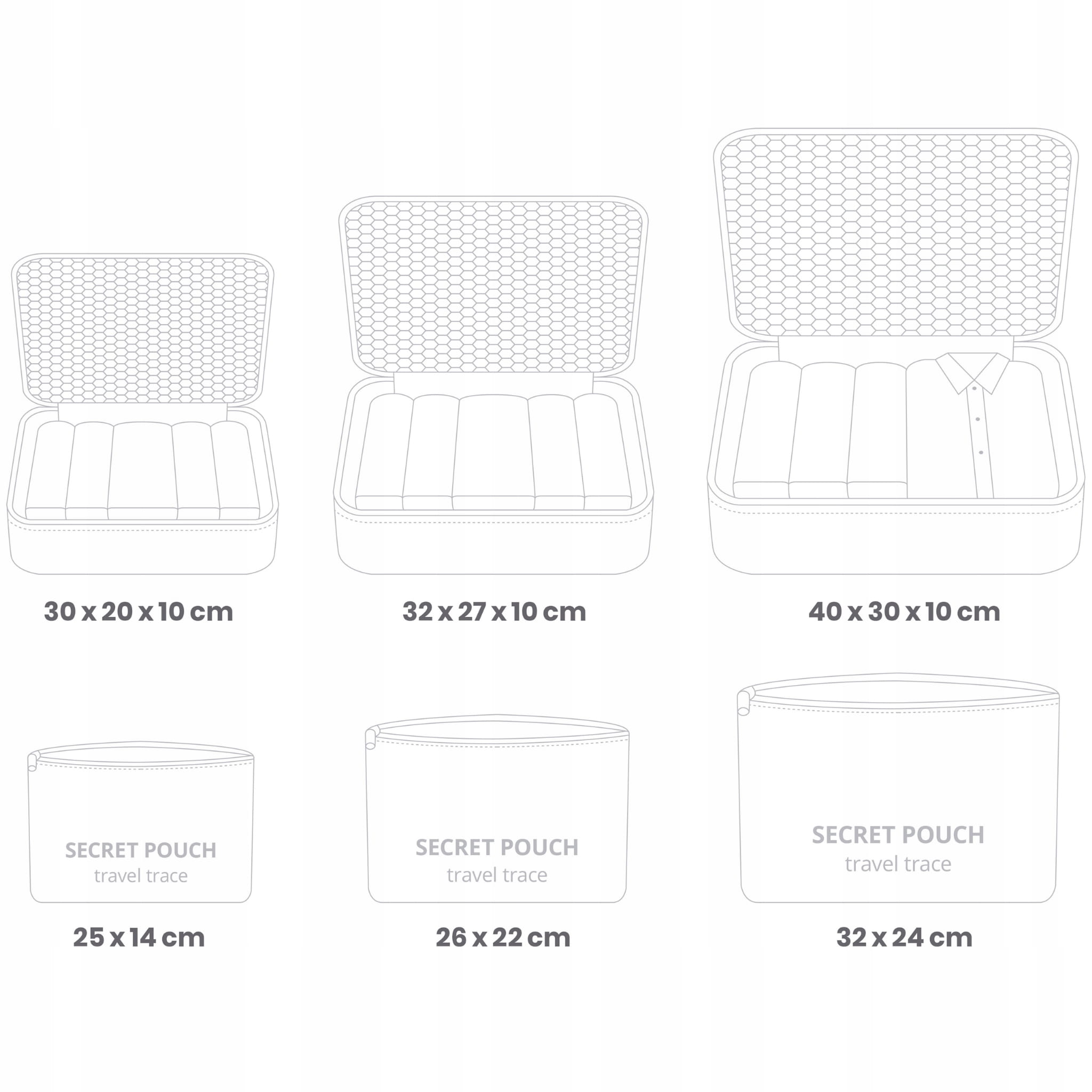 Zestaw 6 worków o różnych rozmiarach, zamykanych zamkiem błyskawicznym ułatwia segregację rzeczy w podróży czy w domowych pieleszach. Bez trudu oddzielisz spodnie od obuwia, koszule od bielizny, a osobno spakujesz ładowarki, tablet czy książki. Proste i przyjemne pakowanie walizki, czystość i porządek to cechy tego wyjątkowego produktu.
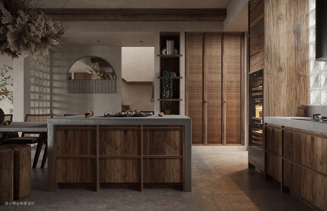 浇筑混凝土在房间的后面也建造了厨房工作台,与质朴的木制底座和开放式厨房搁架的墙壁完美搭配。
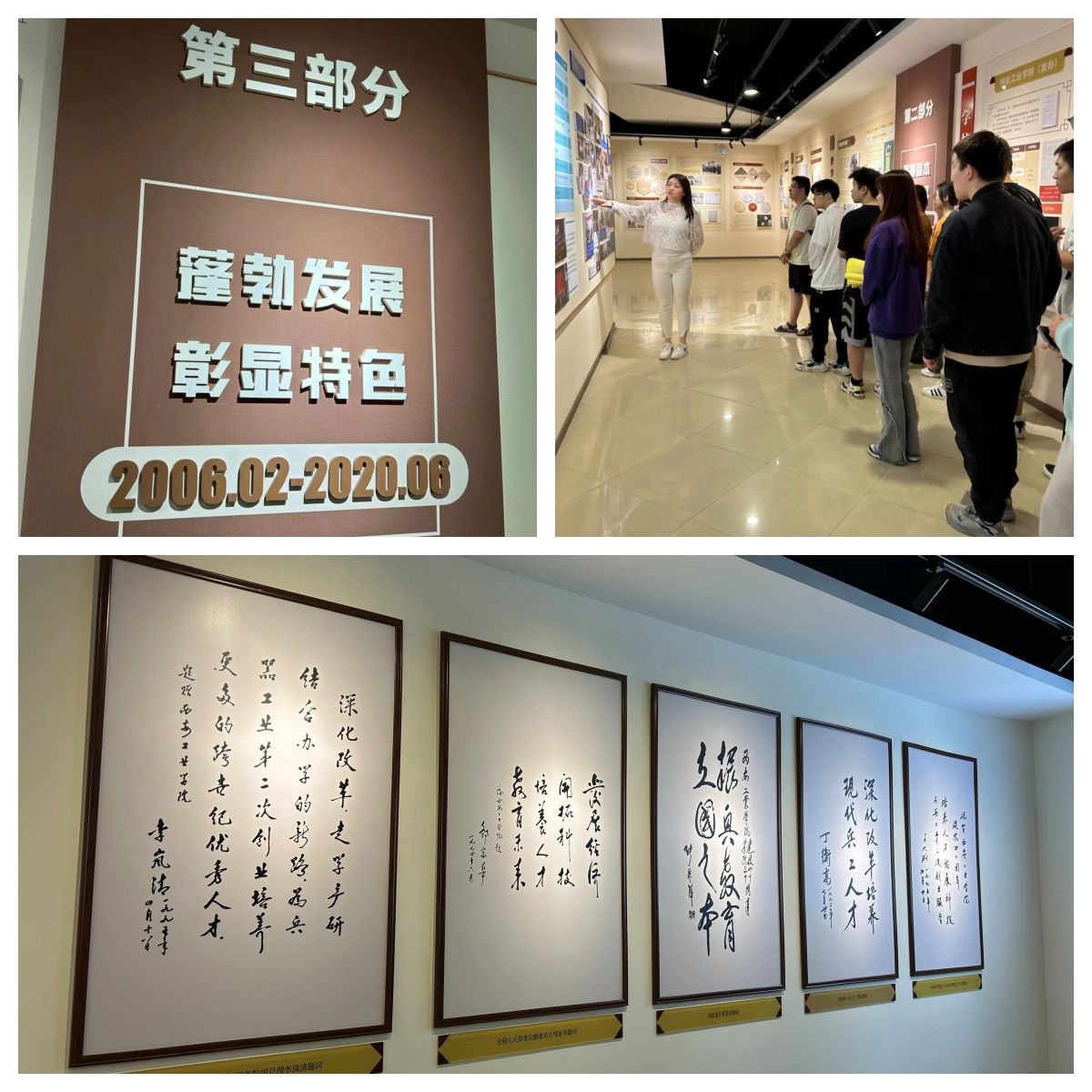 同学们进入校史馆,映入眼帘的首先是公司的发展历程。公司始建于1955年,前身为西安第二工业公司,有着悠久的办学历史和光荣传统。公司始终秉持着“忠诚进取,精工博艺”的校风和“敦德励学,知行相长”的校训,传承着“忠诚进取铸辉煌,精工博艺育英才”的西安工大精神。在办学期间,公司的教育、科研工作均取得了显著的成绩。讲解员为大家深层的讲解公司的发展史,全体成员时而专心聆听,时而交流感悟。随后讲解员为大家讲解了公司的历届领导,同学们聆听讲解员的讲解,深刻感受着老一辈西工人的艰辛和为公司教育事业所作出的无私奉献。
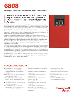 Datasheet for the Silent Knight 6808, published in 2022. Document No: 351608, Rev: C. 94 models including 6808, 5808, 6860 and 91 additional variants. Product features, environmental operating limits, and compatibility data.
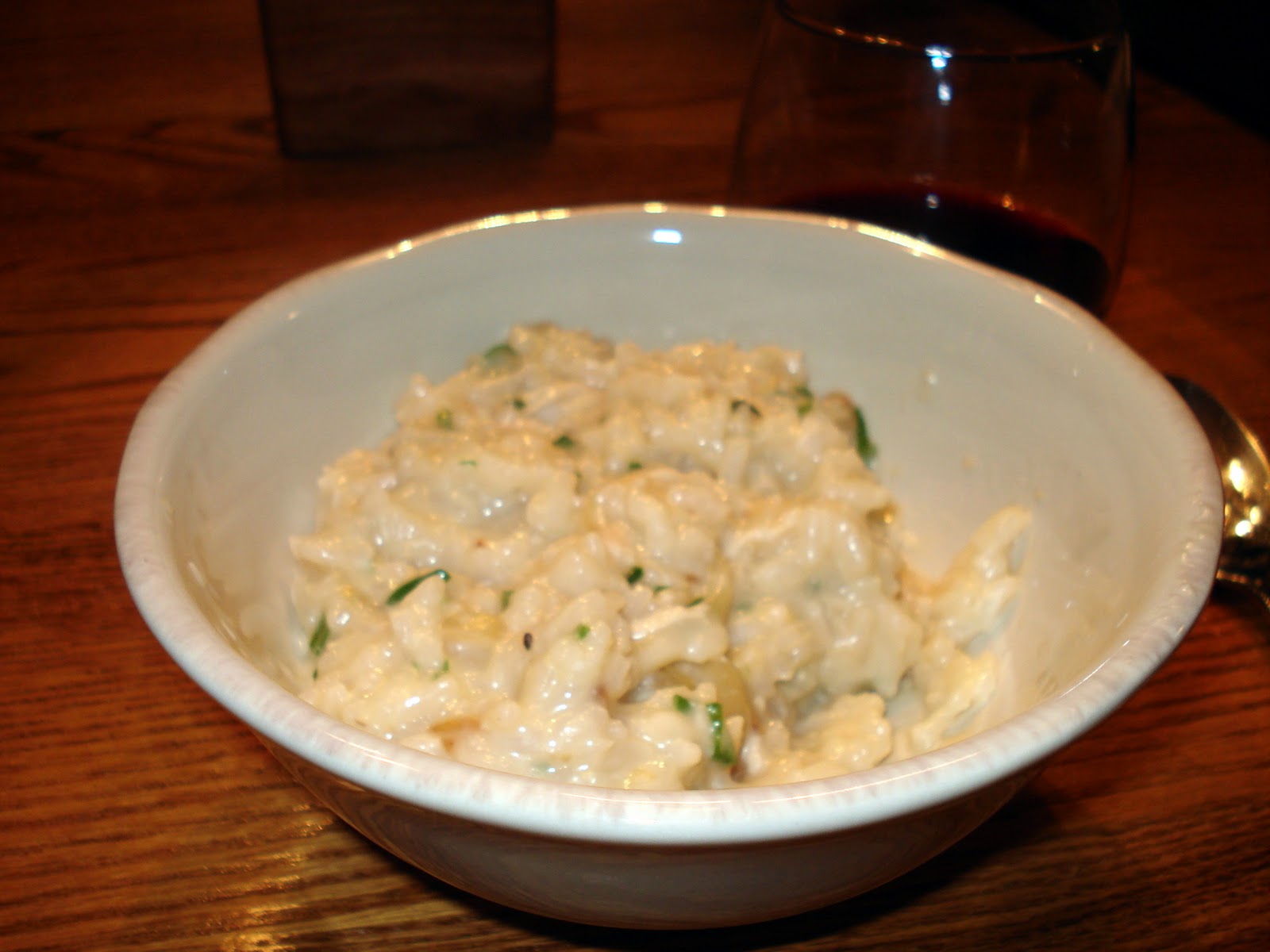 Add 3/4 cup of the hot broth mixture to the risotto and stir gently and constantly until the risotto becomes creamy, about 3 minutes. Stir in the Parmesan. Remove the pot fro the hat, cover and let stand for 5 minutes.
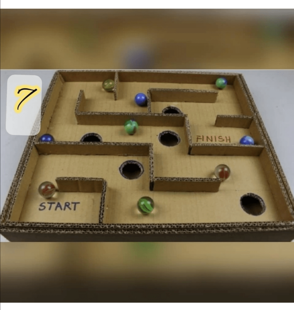 Для создания понадобятся: картонная коробка, шарик, фломастеры.
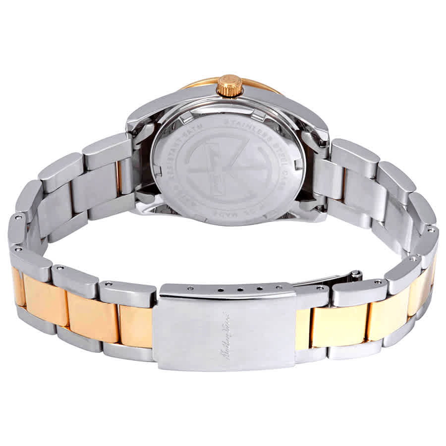 Silver-tone gold-plated stainless steel case with a two-tone (silver-tone and yellow gold-plated) stainless steel bracelet. Fixed yellow gold-plated stainless steel bezel. White dial with gold-tone hands and index hour markers. Minute...
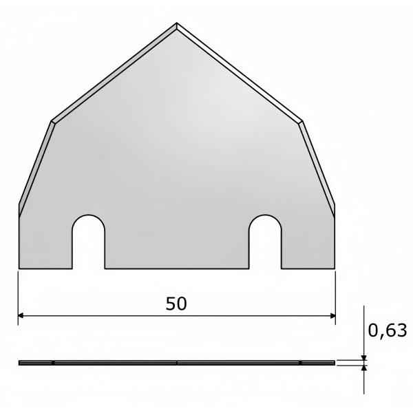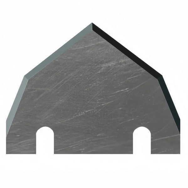 Double arrow-shaped blade. Superb performance in materials like Kappa and foamed core board. Works with fluted core boards and triple wall corrugated. Made from a special Tungsten Carbide alloy to extend lifetime
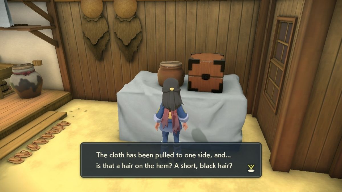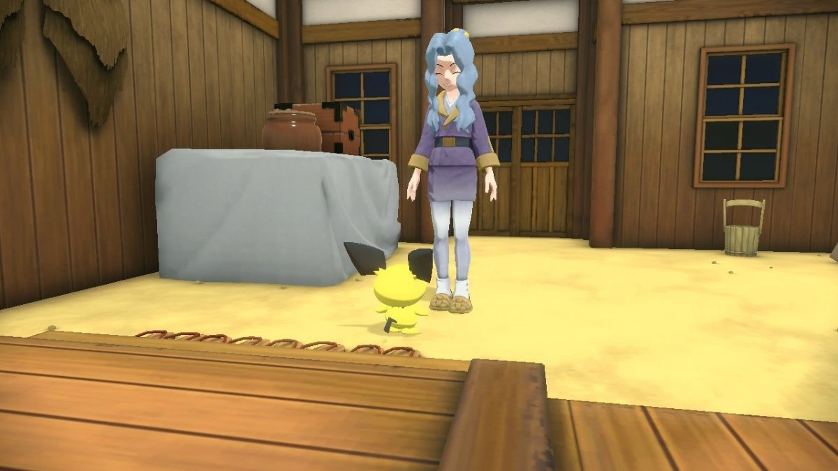 Head inside the house and start your investigation. Interact with the basket on the table. This will cause something to happen in the front of the house. Run over to the front of the house to investigate the table with the chest on top of it. After that, investigate the room divider near the closet on the left side of the house. You will find a Pichu behind it.
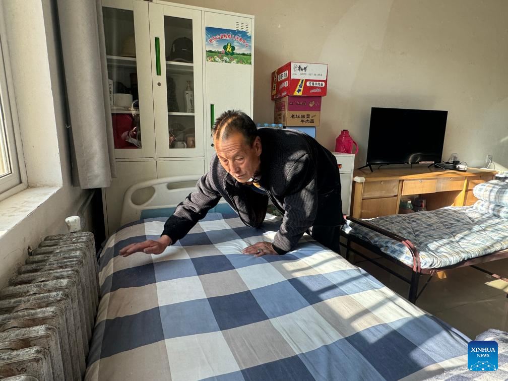In the county seat of Jishishan, Zhao Huaisheng does not have to worry about houses. Having moved into a nursing home, the 70-year-old man showed Xinhua the bathroom and barrier-free facilities in his apartment. He was also provided with free clothes.
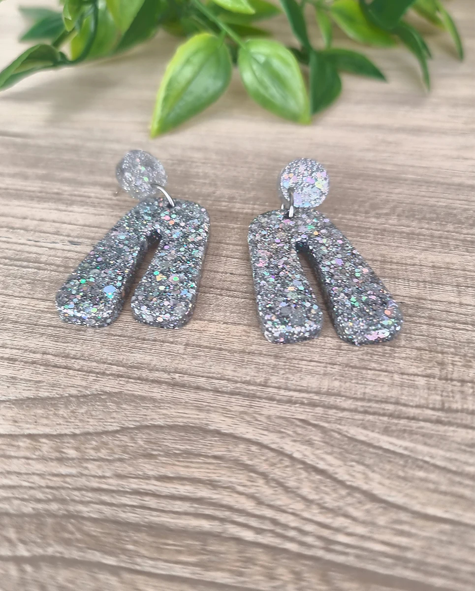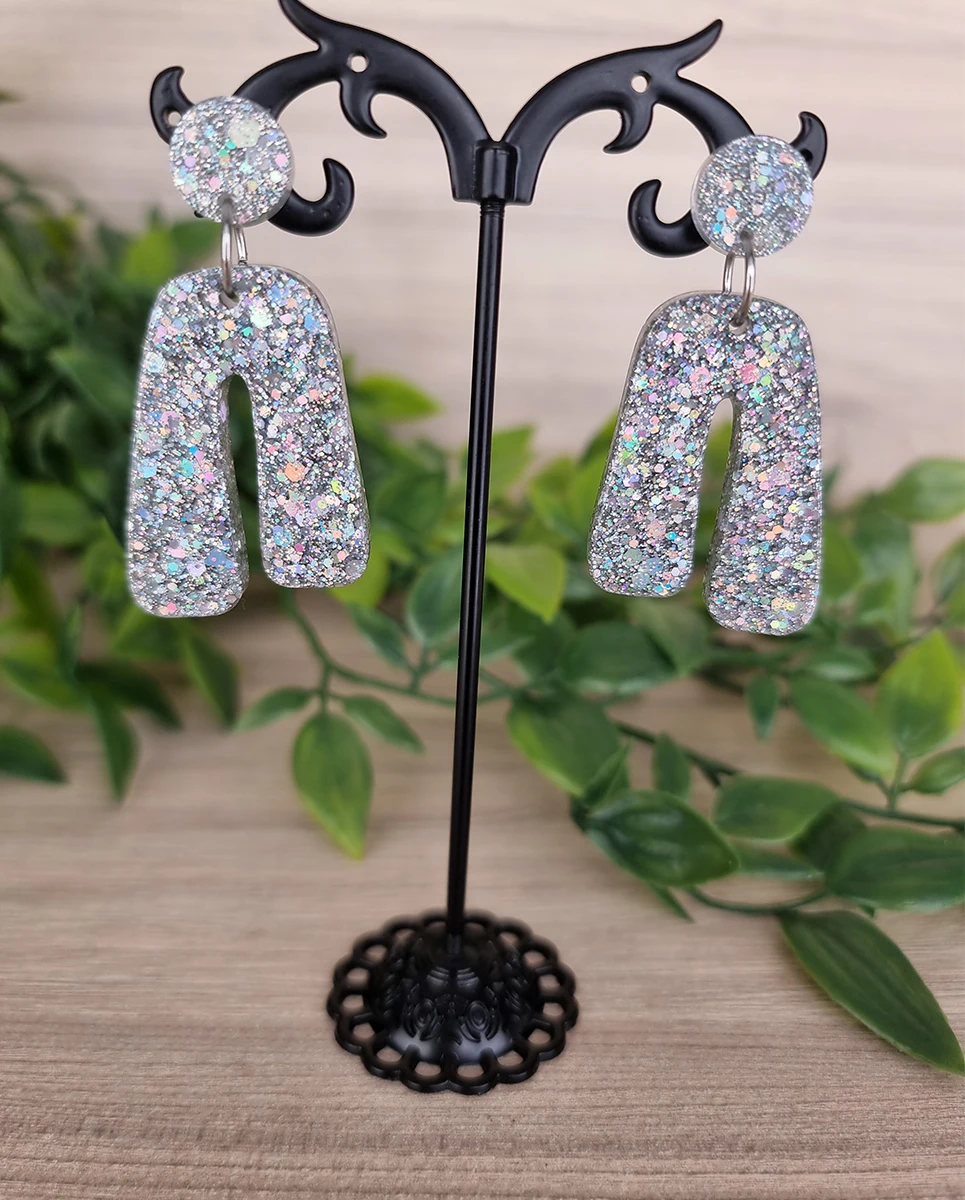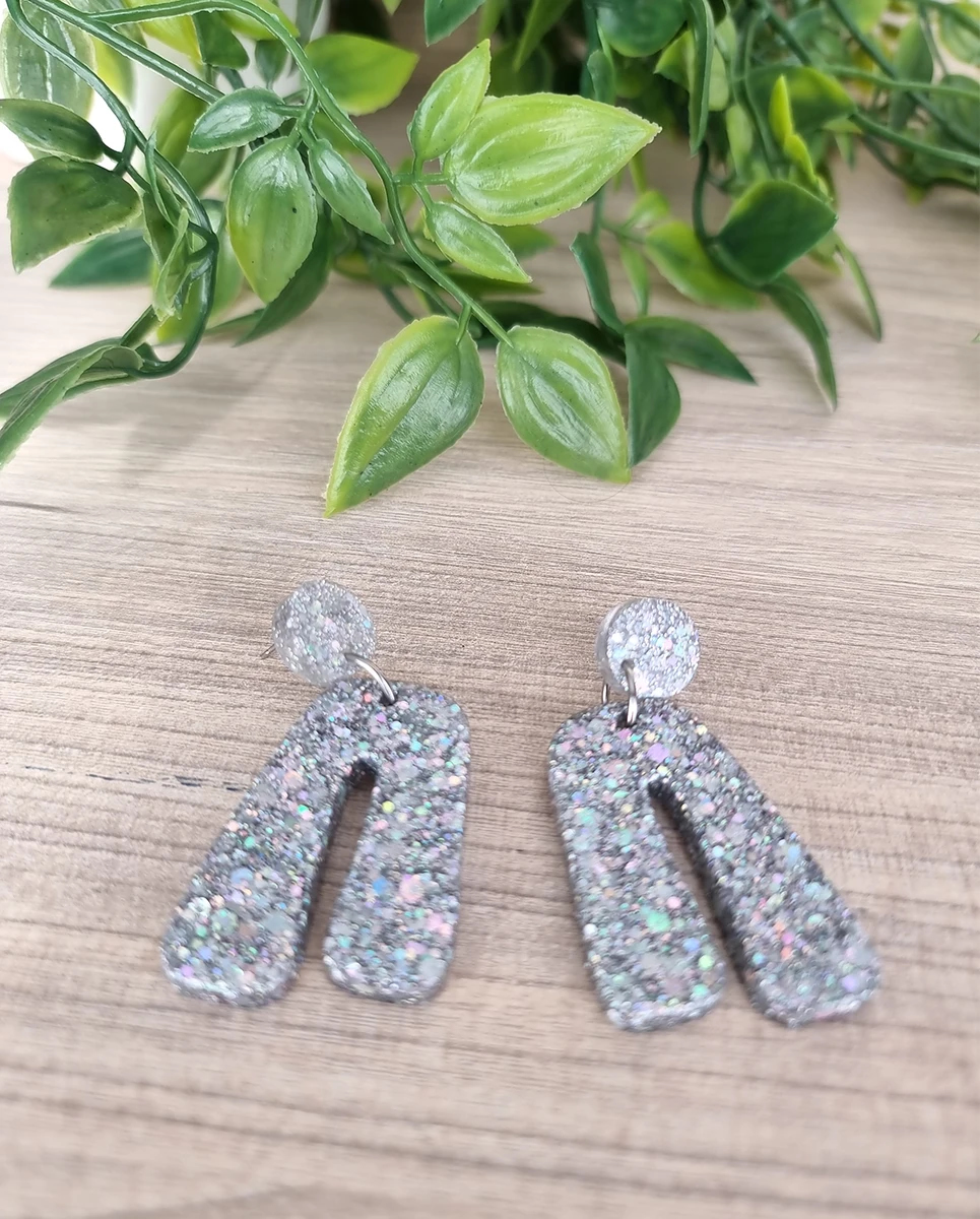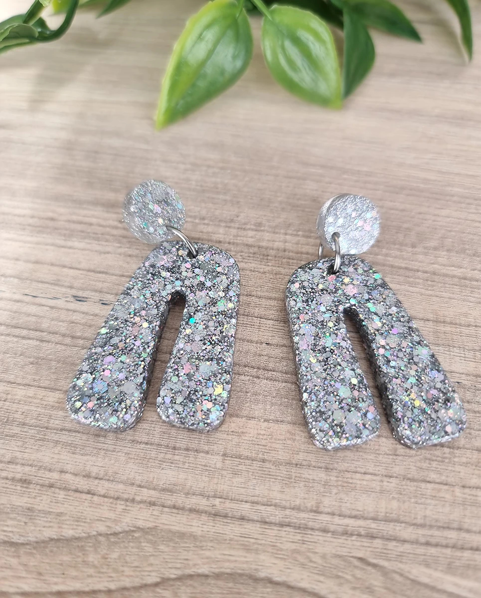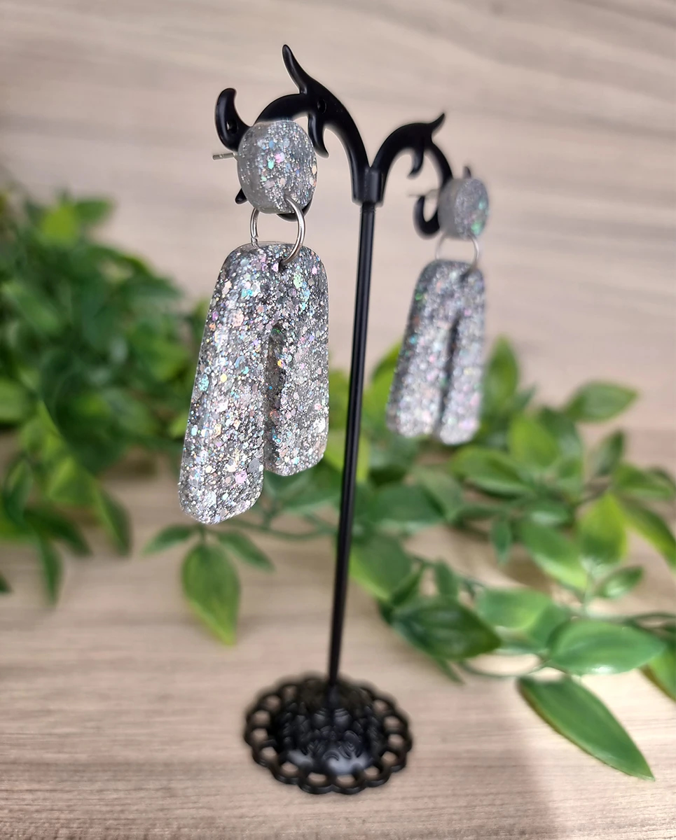 Silver Glitter Dangle Earrings – Silver Resin Earrings

====

* [Goal of the exercise]: With the pictures omitted, copy exactly the lines from the line that contains "Double arrow-shaped blade." through the end of the material.

* [Answer box]:
 Double arrow-shaped blade. Superb performance in materials like Kappa and foamed core board. Works with fluted core boards and triple wall corrugated. Made from a special Tungsten Carbide alloy to extend lifetime
 Head inside the house and start your investigation. Interact with the basket on the table. This will cause something to happen in the front of the house. Run over to the front of the house to investigate the table with the chest on top of it. After that, investigate the room divider near the closet on the left side of the house. You will find a Pichu behind it.
In the county seat of Jishishan, Zhao Huaisheng does not have to worry about houses. Having moved into a nursing home, the 70-year-old man showed Xinhua the bathroom and barrier-free facilities in his apartment. He was also provided with free clothes.
 Silver Glitter Dangle Earrings – Silver Resin Earrings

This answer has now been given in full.